Helene Holzman muss mit ihrer Tochter die angestammte Wohnung verlassen; die ist zu unsicher. Aber sie kommen bei zwei russischen Frauen, den beiden „russischen Nataschas", unter, die vielen Verfolgten und vom Tode Bedrohten in dieser Stadt helfen, wo sie können. Das Risiko ist enorm: Wer Juden versteckt, den erschießen die Deutschen, und Denunzianten gibt es mehr als genug. Ein paar Freunde und Freundinnen, zum Teil aber auch vorher ganz Unbekannte, bilden allmählich ein geheimes Netz der Hilfe; fast alles Frauen - die beiden Nataschas, Helene Holzman und ihre Tochter, eine Ärztin, eine Schriftstellerin, eine deutsche Studentin aus Freiburg (die Nichte Helene Holzmans, Susanne Czapski, die als Werkstudentin nach Kaunas kommt, dort von ihrer Tante eingeweiht wird und ebenfalls hilft. Wir kennen sie heute unter dem Namen Susanne von Paczensky). Eine „kleine Verschwörergruppe", so nennt es Helene Holzman - sie schmuggeln Lebensmittel in das mittlerweile gebildete und abgeriegelte Getto, sie bieten Einzelnen Unterschlupf, versorgen sie mit Lebensmittelkarten, mit Papieren, die ein Freund, der Geiger Vocelka offenbar trefflich herzustellen weiß.
Es gelingt ihnen sogar, die Freunde der Holzmans, den Komponisten Edwin Geist und seine Frau Lyda, aus dem Getto herauszuholen und zu beherbergen. Doch vergebens. Nach ein paar Wochen wird Edwin Geist abgeholt und umgebracht. Als die Gestapo auch Lyda holen will, begeht sie Selbstmord.
Die Verhältnisse werden immer bedrohlicher, obwohl die großen Massenvernichtungsaktionen im Herbst 1941 vorerst eingestellt werden, denn die Juden werden zur Arbeit gebraucht, vor allem um den Flugplatz wieder aufzubauen. Das hatte übrigens einen besonderen Grund, von dem Helene Holzman gar nichts wusste: Die ursprünglich dafür vorgesehenen sowjetischen Kriegsgefangenen, mehr als 10.000 Mann, wurden im August und September ihrem Schicksal überlassen; der überwiegende Teil von ihnen war verhungert. Nun mussten die Juden die Arbeit übernehmen.

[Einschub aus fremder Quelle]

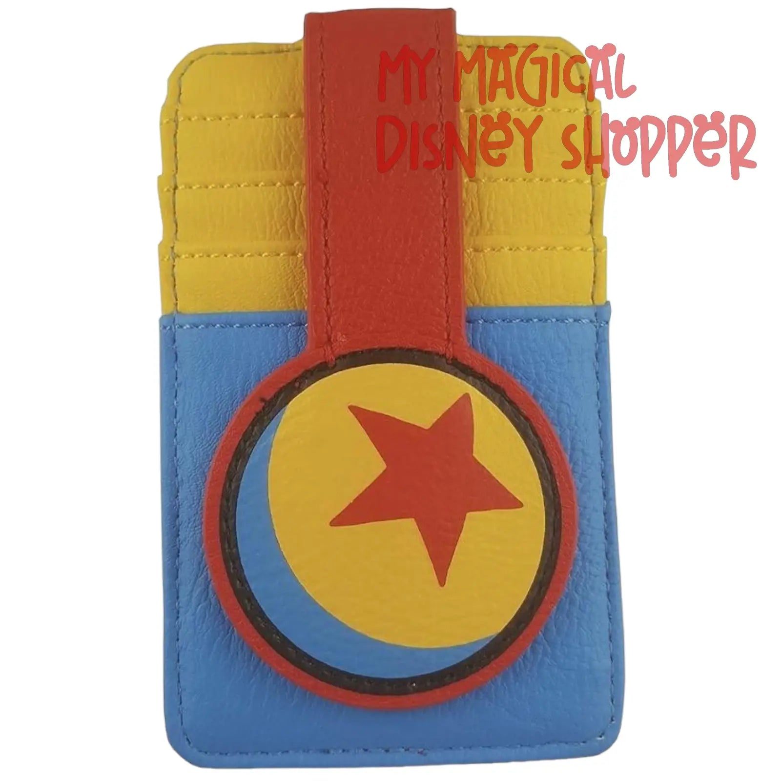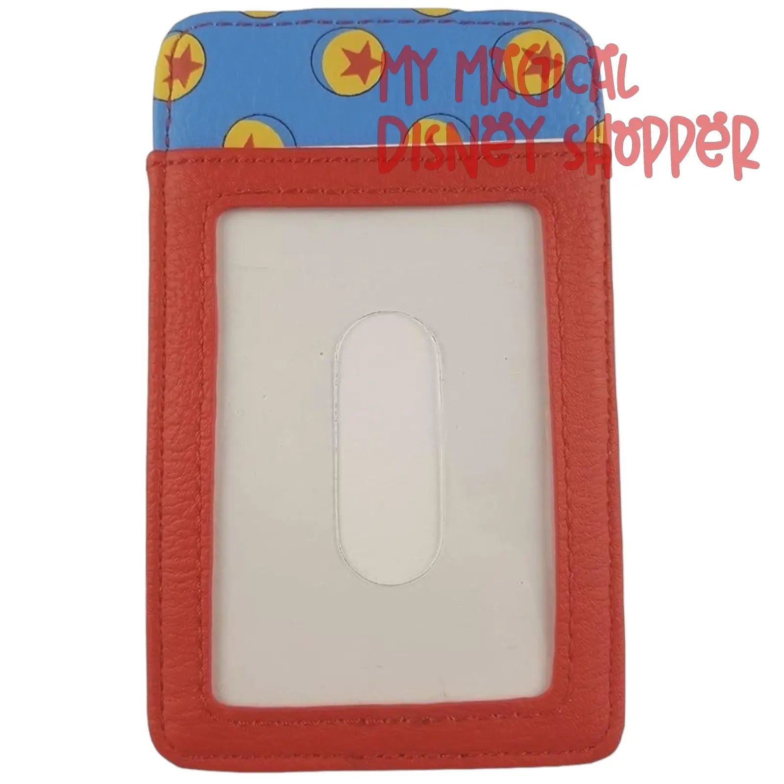 These fun Pixar design makes this stacked credit card holder one that will brighten every day. Fashioned in faux leather, it features a snap with a Pixar Ball to keep your cards safe, plus window ID holder.

Nur deswegen wurden nicht alle sofort ermordet.
Das Leben in der Halblegalität wird immer schwieriger und gefährlicher. Die Angst, auch abgeholt zu werden, ist täglich zu spüren und überstrahlt fast alles. Helene Holzman führt immer Gift bei sich, um nicht lebend in die Hände der deutschen und litauischen Mörder zu fallen. Umso erstaunlicher ist da der Lebensmut, die Menschlichkeit, oft sogar der Witz, mit dem die kleine Verschwörergruppe ihre mühseligen Verbindungen knüpft, langwierige Botengänge unternimmt, nach Unterkünften für die Verfolgten sucht. Aber die Aussichten sind deprimierend. Obwohl: seit der deutschen Niederlage in Stalingrad keimt wieder Hoffnung auf. Die Deutschen geraten in die Defensive. Ein Ende, ein Überleben scheint vielleicht doch möglich. Doch das Ende ist an Furchtbarkeit nicht zu übertreffen: Ende März 1944 treiben die Deutschen alle Kinder und alle Alten im Getto zusammen und ermorden sie: 1300 Menschen.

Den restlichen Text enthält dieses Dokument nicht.